Artificial intelligence and machine learning algorithms that can read lips from videos are nothing extraordinary, actually.
In 2016, researchers from Google and the University of Oxford detailed a system capable of lip-reading and annotating movies with 46,8% accuracy. Does it seem little to you? It already outperformed the 12,4% accuracy of a professional human lip reader. And there was no LIBS yet.
However, 46,8% are not up to par with the capabilities that artificial intelligence can show today. State-of-the-art systems struggle to overcome ambiguities in lip movements, which prevents their performance from surpassing that of audio-based speech recognition.
In search of a more performing system, researchers from Alibaba, Zhejiang University and Stevens Institute of Technology they devised a method dubbed Lip-by-Speech (LIBS), which uses features extracted from speech recognitions to serve as complementary clues. The system raises the bar by a further 8%, and can still improve.
LIBS and other similar solutions may help hearing impaired people to follow videos without subtitles. It is estimated that 466 million people worldwide suffer from hearing loss, which is about 5% of the world's population. By 2050, the number could rise to over 900 million, according to the World Health Organization.
The AI method for reading the lip
LIBS derives useful audio information from several factors: Like a skilled cryptographer, AI hunts for understandable words. At that point he compares them with the correspondence to the lip and goes to look for all similar labile ones. But it does not stop there: it also compares the video frequency of those frames, and other technical clues, refining the search to read the lip even in words incomprehensible to our ear.
If it seems complicated, try again, but I don't promise anything.
I quote from Technology presentation paper. "Both speech recognition and LIBS lip reader components are based on an attention-based sequence-sequence architecture, a method of machine translation that maps an input to a sequence (audio or video)."
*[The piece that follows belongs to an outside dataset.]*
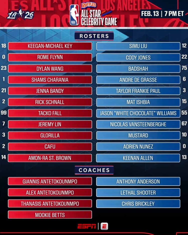 2月4日讯 NBA官方公布了2026洛杉矶全明星名人赛的比赛名单。其中包括艺人王鹤棣、还有退役球星林书豪、以及知名记者Shams等人。

Researchers trained AI on a first database containing over 45.000 phrases spoken by the BBC, and on the CMLR, the largest Chinese corpus available for lip reading in Mandarin Chinese, with over 100.000 natural phrases.
The fields of application are not limited to help for the deaf. The custom of attributing a "socially noble" use to each technology must never make us forget that the main use of these technologies is in the military or security sector.
Nobody has thought that this system can make the surveillance of security even more infallible and pervasive amazing new security cameras, or new satellite systems?
With the AI now become a omniscient eye it will be a joke to listen (or rebuild) our whispers even from an orbiting satellite.